*Assignment*. Return the data below unaltered, but strip out the pictures.

== Data in this exercise ==

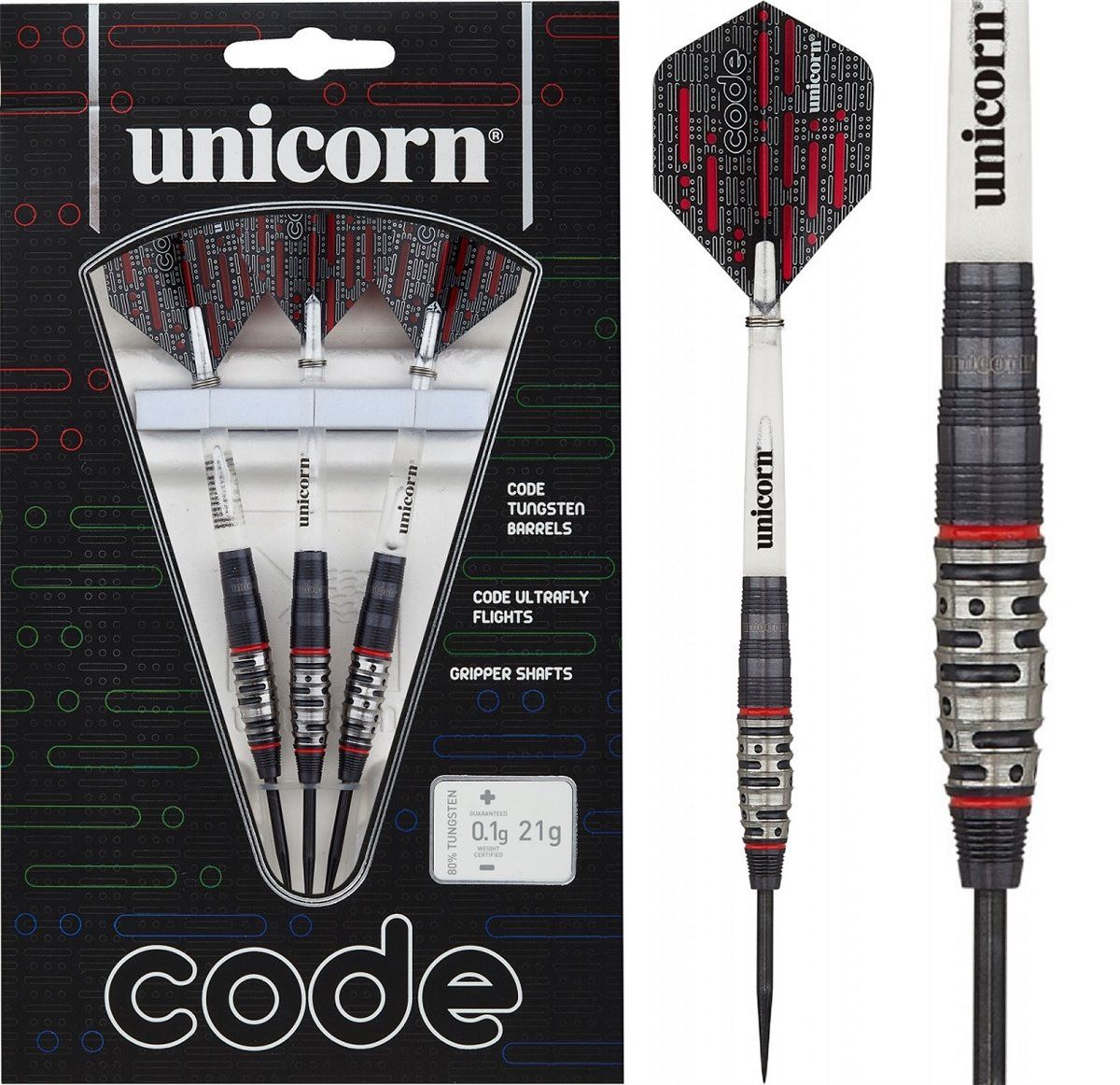 Unicorn Code Steeldarts, gefertigt in hochwertiger 80% Tungsten Qualität. Das Gewicht ist mit +/- 0,1g garantiert.
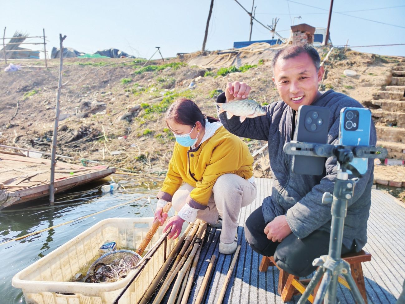 安鵬飛(右)直播展示捕魚成果
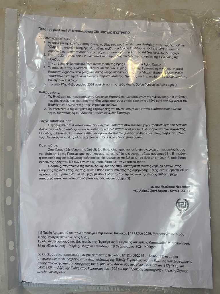 Όπως γνωστοποίησε ο βουλευτής, έξω από το πολιτικό του γραφείο στη Θεσσαλονίκη βρήκε τοιχοκολλημένη επιστολή της Νεολαίας, στην οποία αναφέρει ότι στηρίζει κάθε κίνηση της Ορθόδοξης Εκκλησίας κατά της επιλογής του συμπληρωματικά με τον αφορισμό, χαρακτηρίζει «μη επιθυμητή» την παρουσία του σε εκδηλώσεις πολιτιστικού, θρησκευτικού και άλλου τύπου και θα πράξει τα μέγιστα για να υπενθυμίζει στον λαό την επιλογή του κ. Σιμόπουλου μέχρι την απομάκρυνσή του από οποιοδήποτε δημόσιο αξίωμα.
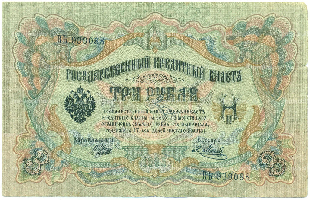 Банкнота 3 рубля 1905 года Шипов / Метц
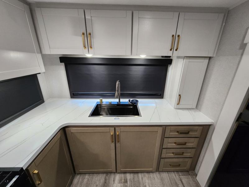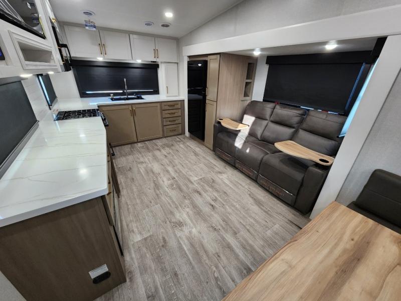 With any Eagle HT fifth wheel or travel trailer by Jayco you will enjoy a smooth drive thanks to the 4 Star Handling Package and MORryde CRE-3000 rubberized suspension. The Customer Value Package includes amenities that are sure to make camping easier than ever, like the 60K on-demand water heater, Keyed-Alike lock system, 15,000 BTU "Whisper Quiet" A/C, and more. Handcrafted door/drawer fronts will make your space feel more like home, along with residential vinyl flooring throughout, GE appliances, and blackout roller shades with reflective side throughout to keep the sun out when you want to sleep in. Each model also includes a NuVo H2O water treatment system with filters included, interior and exterior "Blue Sync" audio connect with MB Quart Sound for your TV and phone, and 100% no floor vents for added comfort and convenience!
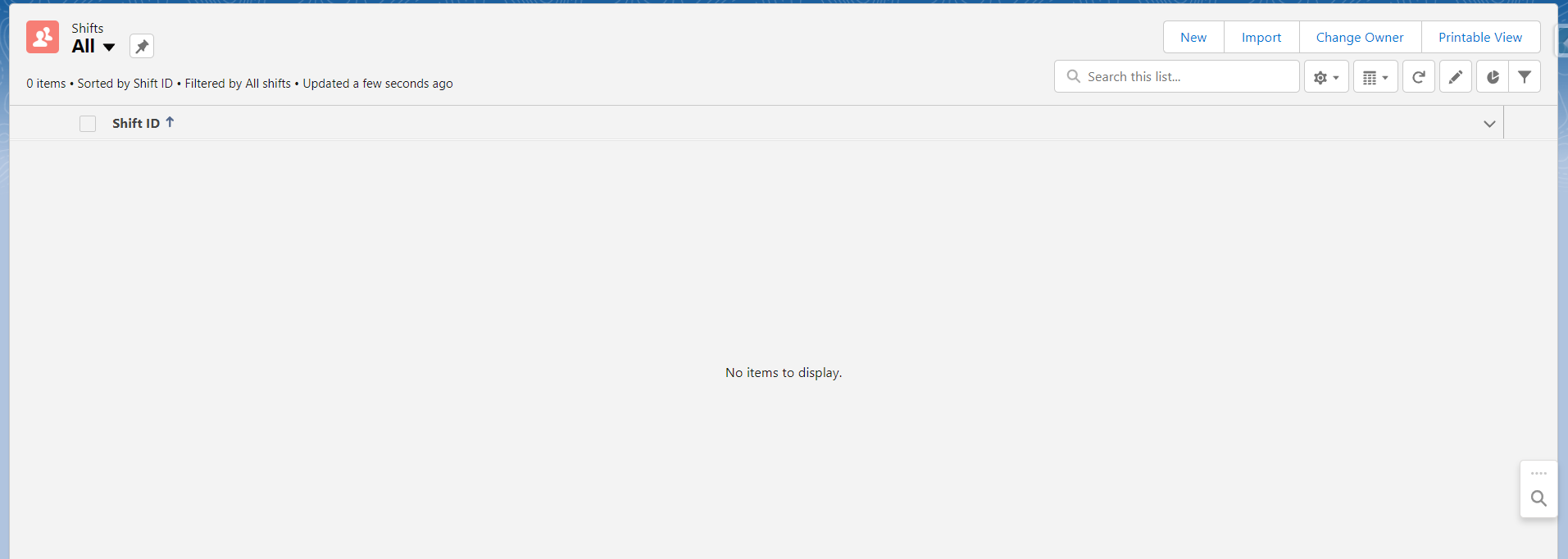 Shift (Shift__c) object stores and tracks the Shift information and details for each Pitcher Teams user.
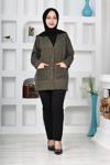 Kuraff Giyim Kadın Molina Kumaş Kışlık Büyük Beden Düğmeli Rahat Kalıp Kısa Hırka
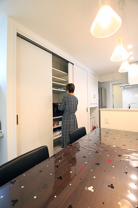 完成したO邸は、奥様のイメージ通り家具がほとんどなく、モダンな佇まいに。自慢はキッチンの背面に設けた大型収納。生活感を見せないために、電化製品や食器、ストック用の食材など、キッチン周りで使うものを引き戸の中に収められるようにしました。また、ダイニングスペースは、リビングから見えにくい配置にして、家族の食事時間がばらばらだったり、来客があったときでも、落ち着いて食事ができるようにしました。

===

*Solution to the problem*.
 Unicorn Code Steeldarts, gefertigt in hochwertiger 80% Tungsten Qualität. Das Gewicht ist mit +/- 0,1g garantiert.
 安鵬飛(右)直播展示捕魚成果
 Όπως γνωστοποίησε ο βουλευτής, έξω από το πολιτικό του γραφείο στη Θεσσαλονίκη βρήκε τοιχοκολλημένη επιστολή της Νεολαίας, στην οποία αναφέρει ότι στηρίζει κάθε κίνηση της Ορθόδοξης Εκκλησίας κατά της επιλογής του συμπληρωματικά με τον αφορισμό, χαρακτηρίζει «μη επιθυμητή» την παρουσία του σε εκδηλώσεις πολιτιστικού, θρησκευτικού και άλλου τύπου και θα πράξει τα μέγιστα για να υπενθυμίζει στον λαό την επιλογή του κ. Σιμόπουλου μέχρι την απομάκρυνσή του από οποιοδήποτε δημόσιο αξίωμα.
 Банкнота 3 рубля 1905 года Шипов / Метц
 With any Eagle HT fifth wheel or travel trailer by Jayco you will enjoy a smooth drive thanks to the 4 Star Handling Package and MORryde CRE-3000 rubberized suspension. The Customer Value Package includes amenities that are sure to make camping easier than ever, like the 60K on-demand water heater, Keyed-Alike lock system, 15,000 BTU "Whisper Quiet" A/C, and more. Handcrafted door/drawer fronts will make your space feel more like home, along with residential vinyl flooring throughout, GE appliances, and blackout roller shades with reflective side throughout to keep the sun out when you want to sleep in. Each model also includes a NuVo H2O water treatment system with filters included, interior and exterior "Blue Sync" audio connect with MB Quart Sound for your TV and phone, and 100% no floor vents for added comfort and convenience!
 Shift (Shift__c) object stores and tracks the Shift information and details for each Pitcher Teams user.
 Kuraff Giyim Kadın Molina Kumaş Kışlık Büyük Beden Düğmeli Rahat Kalıp Kısa Hırka
 完成したO邸は、奥様のイメージ通り家具がほとんどなく、モダンな佇まいに。自慢はキッチンの背面に設けた大型収納。生活感を見せないために、電化製品や食器、ストック用の食材など、キッチン周りで使うものを引き戸の中に収められるようにしました。また、ダイニングスペースは、リビングから見えにくい配置にして、家族の食事時間がばらばらだったり、来客があったときでも、落ち着いて食事ができるようにしました。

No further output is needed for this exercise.